■ Task details ■
A faithful copy of the data, pictures omitted, is the required answer.

■ Dataset section ■
=======

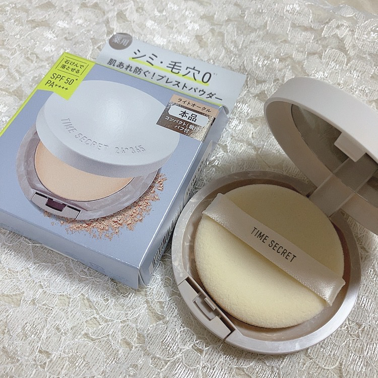 TIMESECRETミネラル薬用プレストパウダーライトオークル肌あれまでケアするファンデ級カバー力のプレストパウダー見た目がオシャレでしっかりした容器ミラーが付いているので手鏡代わりにしています厚塗り感がなく毛穴が綺麗に隠せるので日焼け止めの...
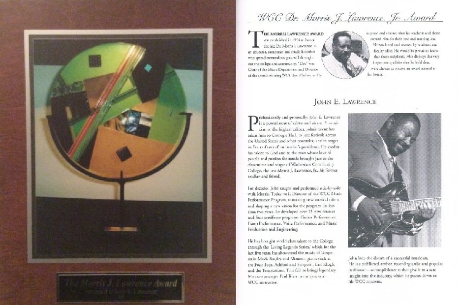 The Morris Lawrence Award was established in 1994 to honor the late Dr. Morris J. Lawrence, Jr., an educator, composer, and music historian who spread tremendous goodwill throughout the college and community. “Doc” was the Chair of the Performing Arts Department and Director of the award-winning WCC Jazz Orchestra. He insisted that his students and those around him do their best and nothing less. He was loved and revered by students and faculty alike. He would be proud to know that these recipients, who possess the very important qualities that he held dear, were chosen to receive an award named in his honor. In May of 2008, John Lawrence received the highest level award presented to an instructor at Washtenaw Community College. “This award is extra special and dear to my heart because the award was named after my friend and mentor Dr. Morris J. Lawrence, Jr.” John E. Lawrence
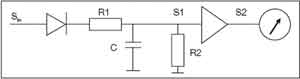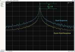 盡管許多EMI測量可以使用簡單的峰值檢波器完成,但EMI測量標準規定了一種專用測量方法,即準峰值(QP)檢波器。QP檢波器用來檢測信號包絡加權后的峰值(準峰值)。它根據信號時長和重復率加權多個信號。QP檢波器的特點是響應快、衰減慢,包含一個表示臨界阻尼表的時間常數。發生頻次較高的信號,其QP測量值要高于偶發的脈沖。
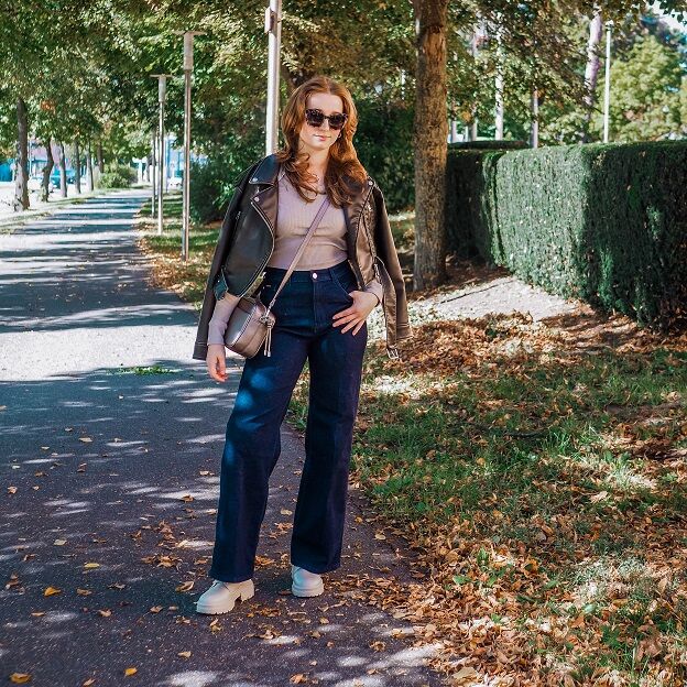 Mit diesen Farben kannst du dir kinderleicht ein Outfit zusammenstellen, da sich alles miteinander kombinieren lässt. Kati von C&A trägt ihre trendige braune Leder-Jacke mit einem schlichten beigen Oberteil und den passenden Boots dazu.

=======

■ Response area ■
 TIMESECRETミネラル薬用プレストパウダーライトオークル肌あれまでケアするファンデ級カバー力のプレストパウダー見た目がオシャレでしっかりした容器ミラーが付いているので手鏡代わりにしています厚塗り感がなく毛穴が綺麗に隠せるので日焼け止めの...
 The Morris Lawrence Award was established in 1994 to honor the late Dr. Morris J. Lawrence, Jr., an educator, composer, and music historian who spread tremendous goodwill throughout the college and community. “Doc” was the Chair of the Performing Arts Department and Director of the award-winning WCC Jazz Orchestra. He insisted that his students and those around him do their best and nothing less. He was loved and revered by students and faculty alike. He would be proud to know that these recipients, who possess the very important qualities that he held dear, were chosen to receive an award named in his honor. In May of 2008, John Lawrence received the highest level award presented to an instructor at Washtenaw Community College. “This award is extra special and dear to my heart because the award was named after my friend and mentor Dr. Morris J. Lawrence, Jr.” John E. Lawrence
 盡管許多EMI測量可以使用簡單的峰值檢波器完成,但EMI測量標準規定了一種專用測量方法,即準峰值(QP)檢波器。QP檢波器用來檢測信號包絡加權后的峰值(準峰值)。它根據信號時長和重復率加權多個信號。QP檢波器的特點是響應快、衰減慢,包含一個表示臨界阻尼表的時間常數。發生頻次較高的信號,其QP測量值要高于偶發的脈沖。
 Mit diesen Farben kannst du dir kinderleicht ein Outfit zusammenstellen, da sich alles miteinander kombinieren lässt. Kati von C&A trägt ihre trendige braune Leder-Jacke mit einem schlichten beigen Oberteil und den passenden Boots dazu.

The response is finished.